◆ Aim of the exercise ◆
Give an exact copy of the data that follows, but none of its pictures.

◆ The data ◆
%%
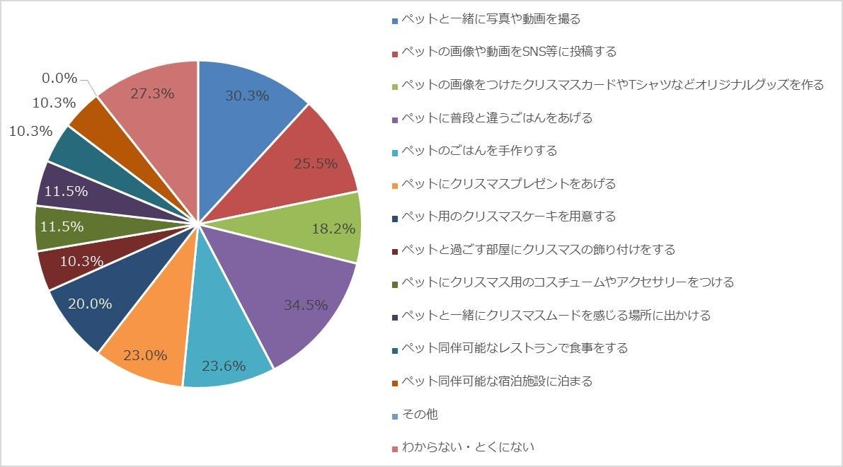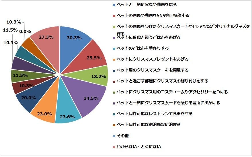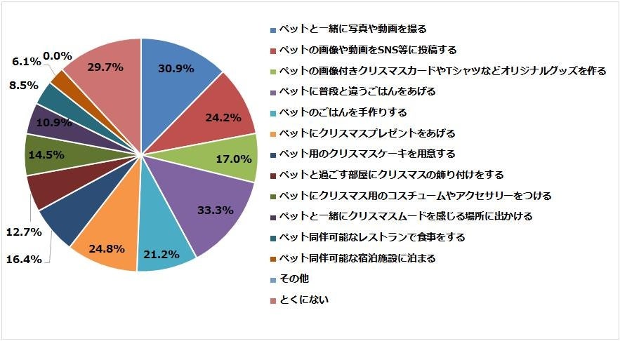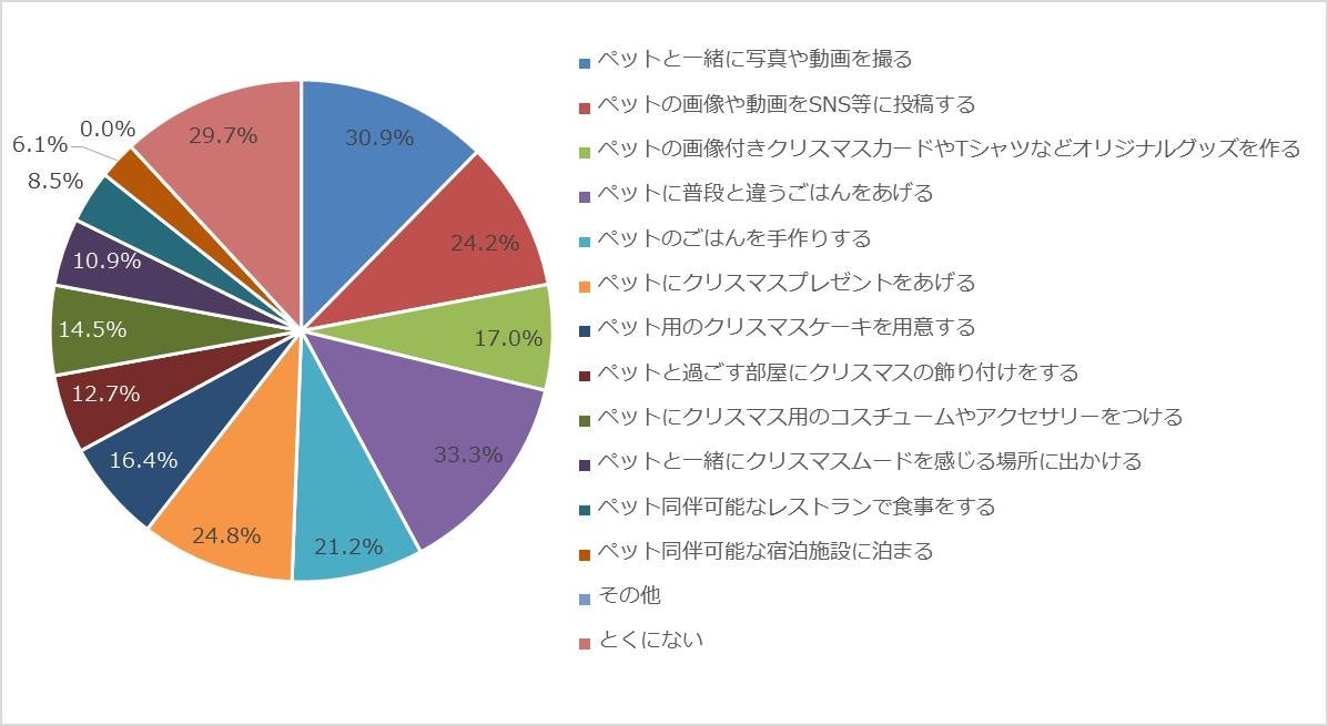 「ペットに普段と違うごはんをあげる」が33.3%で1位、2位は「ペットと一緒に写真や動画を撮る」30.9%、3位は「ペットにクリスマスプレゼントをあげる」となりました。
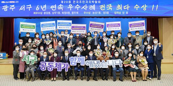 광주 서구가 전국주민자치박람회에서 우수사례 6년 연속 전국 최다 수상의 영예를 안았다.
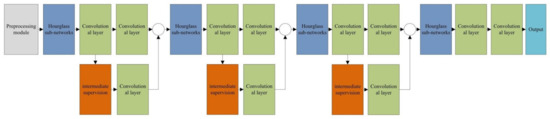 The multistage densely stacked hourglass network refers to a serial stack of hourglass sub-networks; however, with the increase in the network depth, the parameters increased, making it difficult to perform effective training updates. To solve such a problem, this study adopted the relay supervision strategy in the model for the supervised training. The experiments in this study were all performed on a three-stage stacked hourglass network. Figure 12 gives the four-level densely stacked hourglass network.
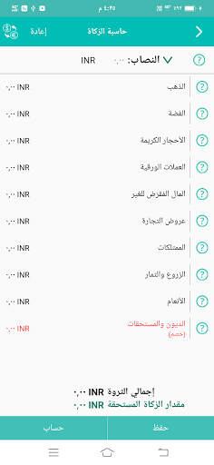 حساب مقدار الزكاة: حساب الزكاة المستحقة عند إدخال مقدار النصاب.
%%
◆ Exercise result ◆
 「ペットに普段と違うごはんをあげる」が33.3%で1位、2位は「ペットと一緒に写真や動画を撮る」30.9%、3位は「ペットにクリスマスプレゼントをあげる」となりました。
 광주 서구가 전국주민자치박람회에서 우수사례 6년 연속 전국 최다 수상의 영예를 안았다.
 The multistage densely stacked hourglass network refers to a serial stack of hourglass sub-networks; however, with the increase in the network depth, the parameters increased, making it difficult to perform effective training updates. To solve such a problem, this study adopted the relay supervision strategy in the model for the supervised training. The experiments in this study were all performed on a three-stage stacked hourglass network. Figure 12 gives the four-level densely stacked hourglass network.
 حساب مقدار الزكاة: حساب الزكاة المستحقة عند إدخال مقدار النصاب.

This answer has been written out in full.